Shown below is a listing with pictures; reproduce exactly, and only, the lines between the ones containing "A comprehensive temporary" and "BookKeeper对所需的复制因子和commit quorum有类似的配置。", inclusive, leaving the pictures out.

- _EXERCISE DATA_
----
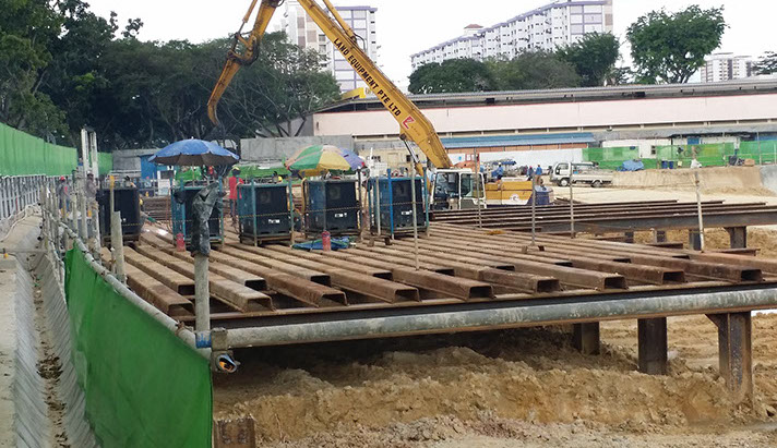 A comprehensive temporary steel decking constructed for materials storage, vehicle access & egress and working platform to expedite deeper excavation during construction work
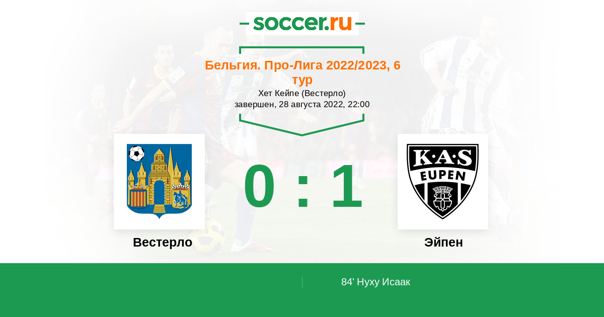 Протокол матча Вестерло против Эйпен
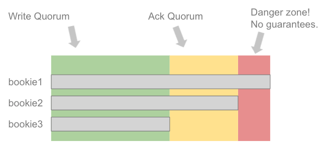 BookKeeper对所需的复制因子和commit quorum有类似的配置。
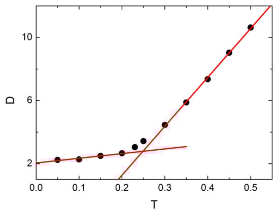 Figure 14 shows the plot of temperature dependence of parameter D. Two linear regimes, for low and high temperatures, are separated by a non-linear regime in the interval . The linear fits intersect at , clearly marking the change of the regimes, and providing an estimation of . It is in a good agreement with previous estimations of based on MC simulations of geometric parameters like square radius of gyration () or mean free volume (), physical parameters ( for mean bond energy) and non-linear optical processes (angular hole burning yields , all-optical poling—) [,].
----
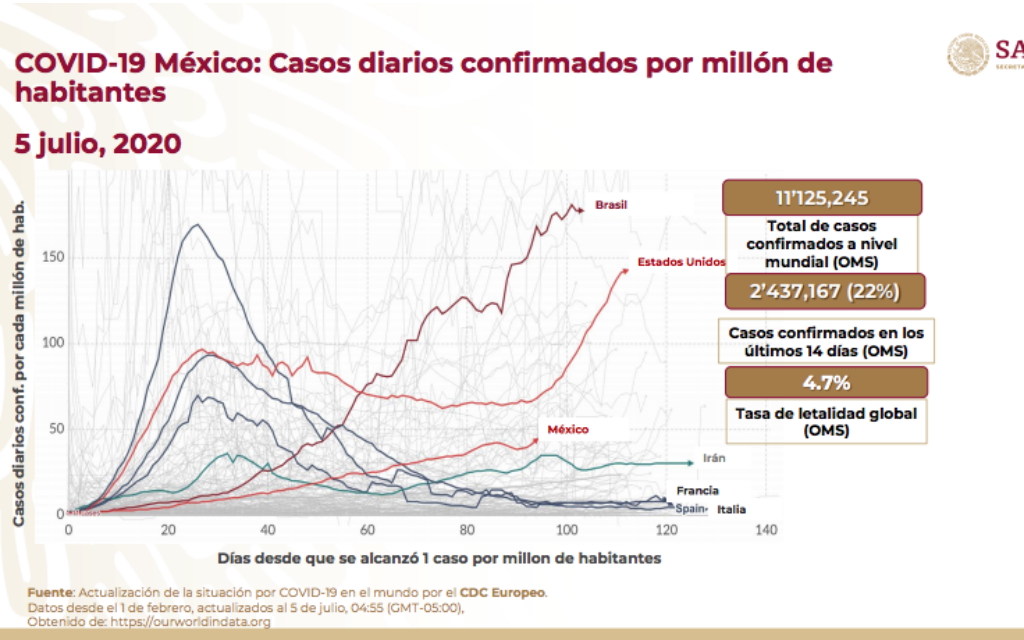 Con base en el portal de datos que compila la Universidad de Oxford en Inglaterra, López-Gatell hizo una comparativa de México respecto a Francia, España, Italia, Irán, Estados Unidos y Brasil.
----
- _RESULT OF THIS TASK_
 A comprehensive temporary steel decking constructed for materials storage, vehicle access & egress and working platform to expedite deeper excavation during construction work
 Протокол матча Вестерло против Эйпен
 BookKeeper对所需的复制因子和commit quorum有类似的配置。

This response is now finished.